» **WHAT IS EXPECTED**
Locate "Secure Your Delicacies" in the records below, then copy its line and every following line exactly, without the pictures.

----- SUPPLIED RECORDS -----

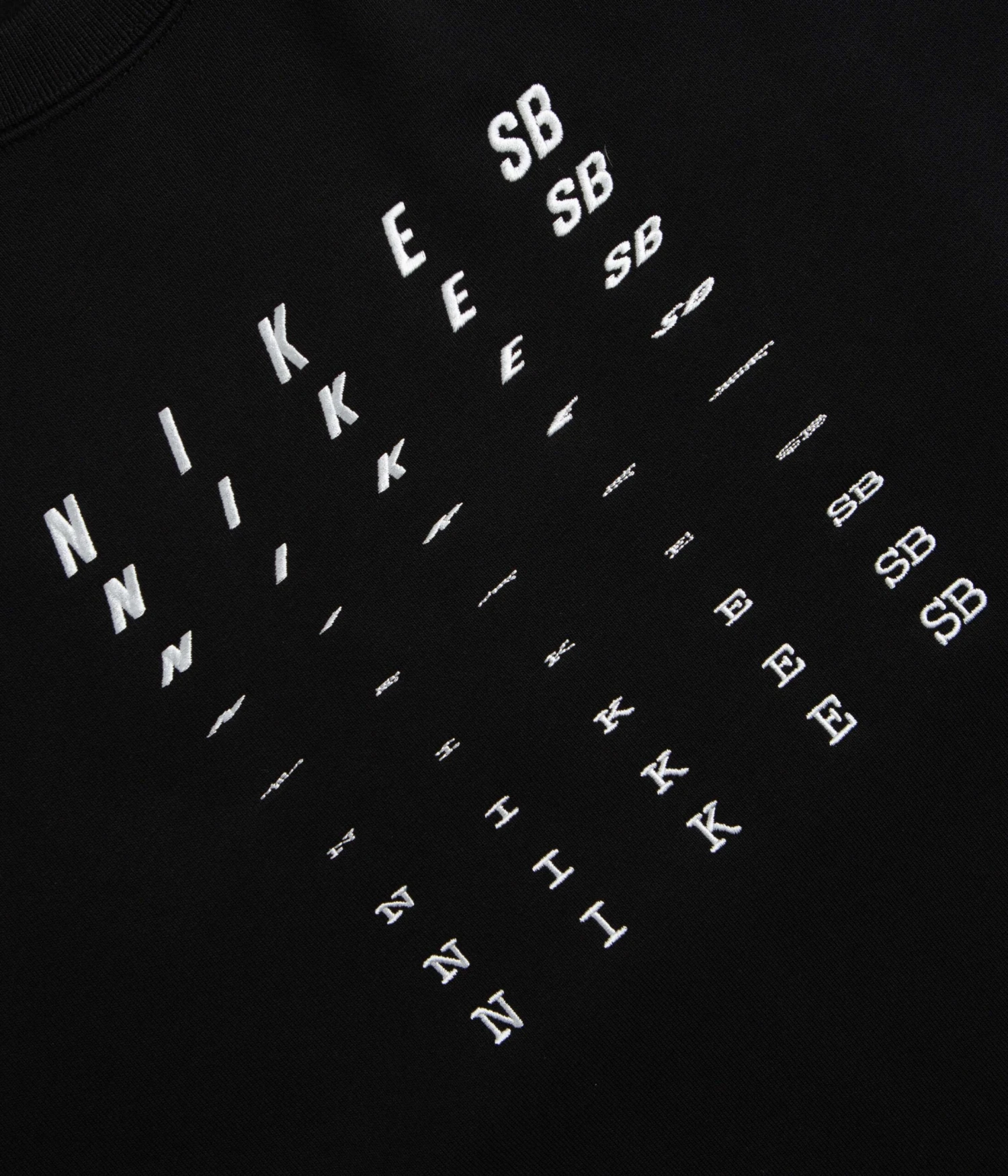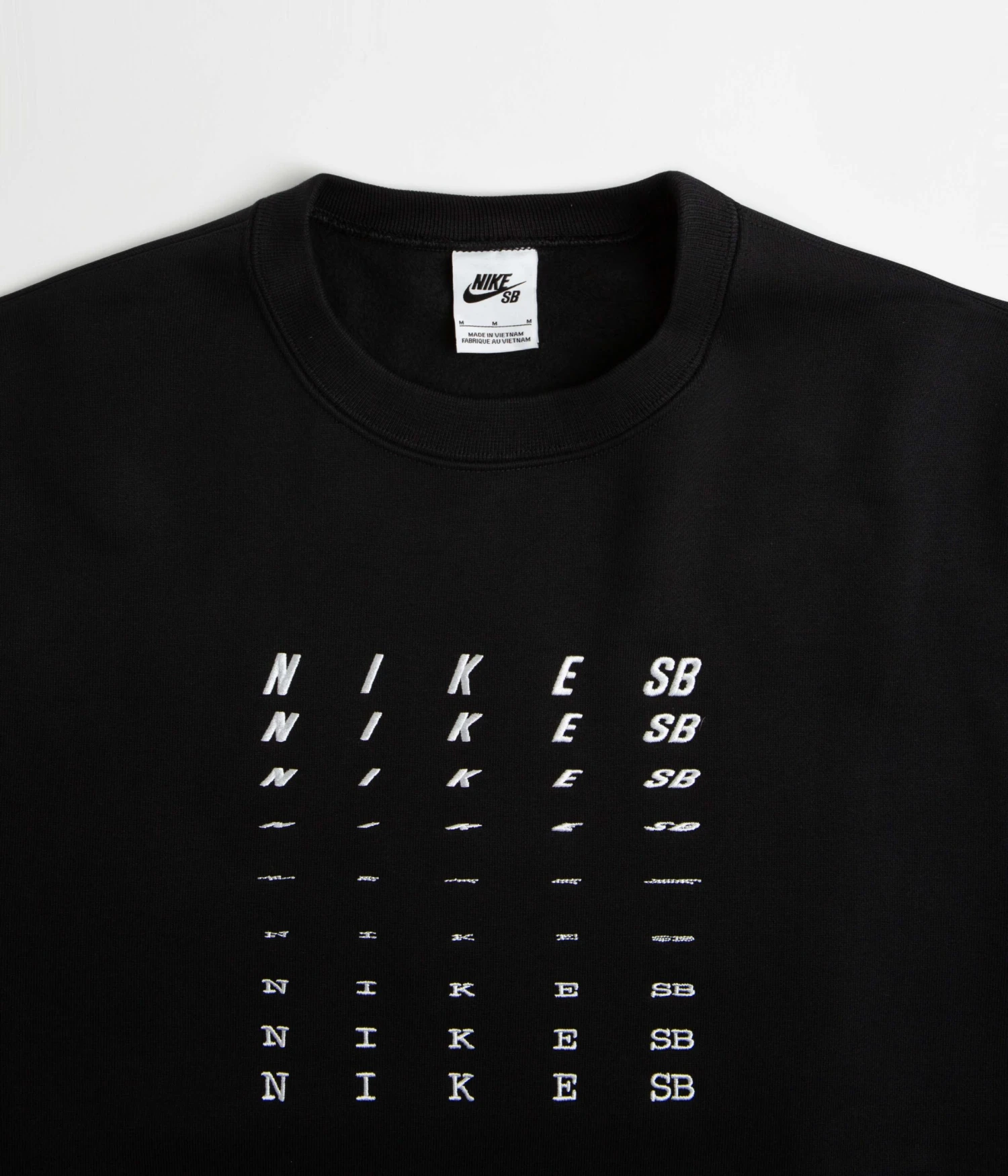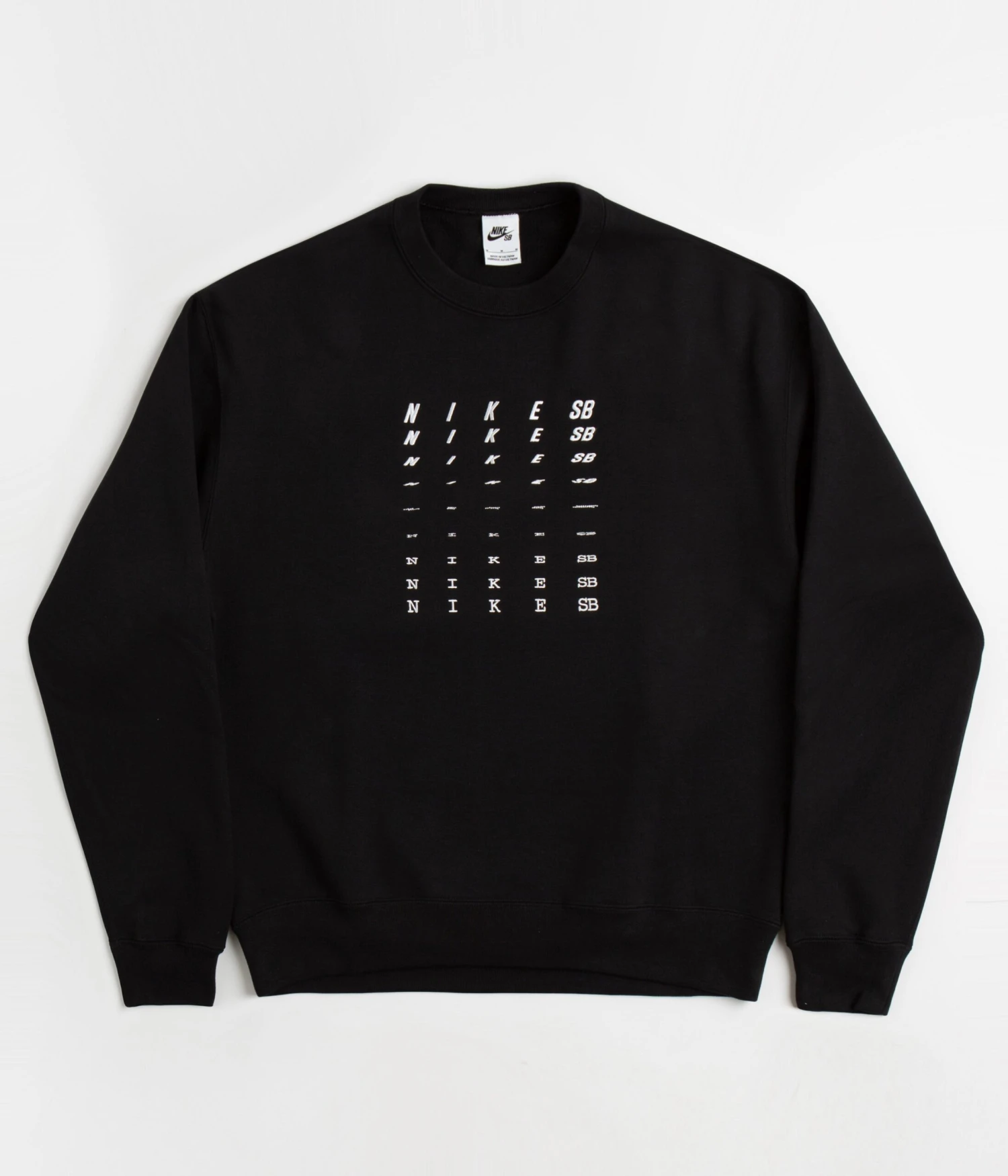 Nike SB Fade Crewneck Sweatshirt in Black. Tailored to a loose fitting from a cotton-polyester blend, this Nike SB sweater is designed with a heavyweight fleece fabrication. Featuring a flexible rib knit collar, dropped shoulders and ribbed cuffs, this black Nike SB sweater is finished with embroidered Y2K inspired graphics.Â
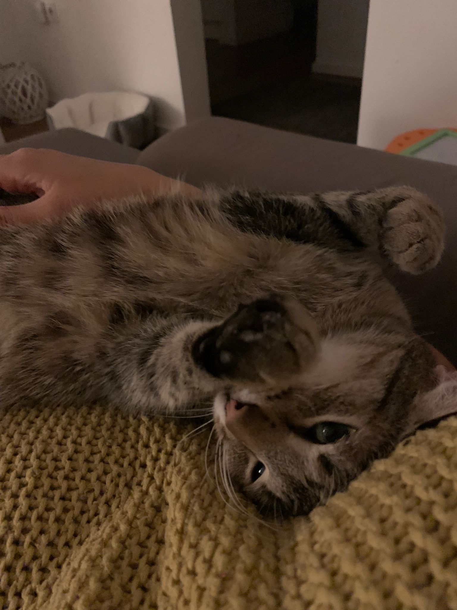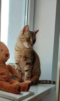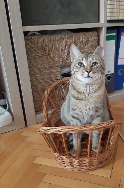 Eigenschaften: braucht Zeit um anzukommen, dann sehr lieb, sehr menschenbezogen, sehr verspielt, verschmust, neugierig, sozial mit Katzen
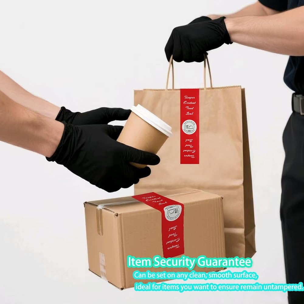 Secure Your Delicacies with Confidence: Our tamper evident stickers serve as seamless safety seals, designed to secure your food and provide a sense of trust and assurance; Whether for protecting your food during transport or providing fresh, untampered meals, simply stick these tamper evident stickers onto your meal packages and let your customers indulge without a worry
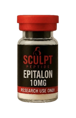 Epitalon 10mg is an investigational synthetic tetrapeptide (Ala-Glu-Asp-Gly) originally associated with peptides derived from the pineal gland. It has been the subject of preclinical research due to its proposed involvement in cellular signalling pathways linked to circadian regulation, cellular longevity, and genomic stability. Scientific interest in Epitalon centres on its potential influence on telomerase-related mechanisms, oxidative stress pathways, and age-associated cellular processes within controlled research environments.
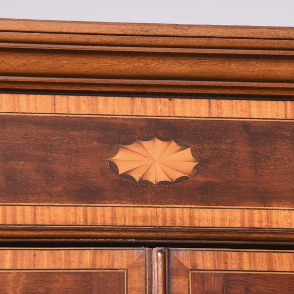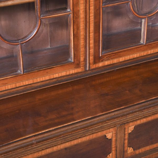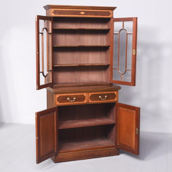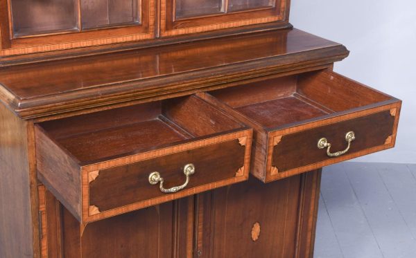 Outstanding Quality Edwardian Sheraton-Style Inlaid Mahogany Cabinet Bookcase, Possibly Maple And Co

-----

» **EXERCISE OUTPUT**
 Secure Your Delicacies with Confidence: Our tamper evident stickers serve as seamless safety seals, designed to secure your food and provide a sense of trust and assurance; Whether for protecting your food during transport or providing fresh, untampered meals, simply stick these tamper evident stickers onto your meal packages and let your customers indulge without a worry
 Epitalon 10mg is an investigational synthetic tetrapeptide (Ala-Glu-Asp-Gly) originally associated with peptides derived from the pineal gland. It has been the subject of preclinical research due to its proposed involvement in cellular signalling pathways linked to circadian regulation, cellular longevity, and genomic stability. Scientific interest in Epitalon centres on its potential influence on telomerase-related mechanisms, oxidative stress pathways, and age-associated cellular processes within controlled research environments.
 Outstanding Quality Edwardian Sheraton-Style Inlaid Mahogany Cabinet Bookcase, Possibly Maple And Co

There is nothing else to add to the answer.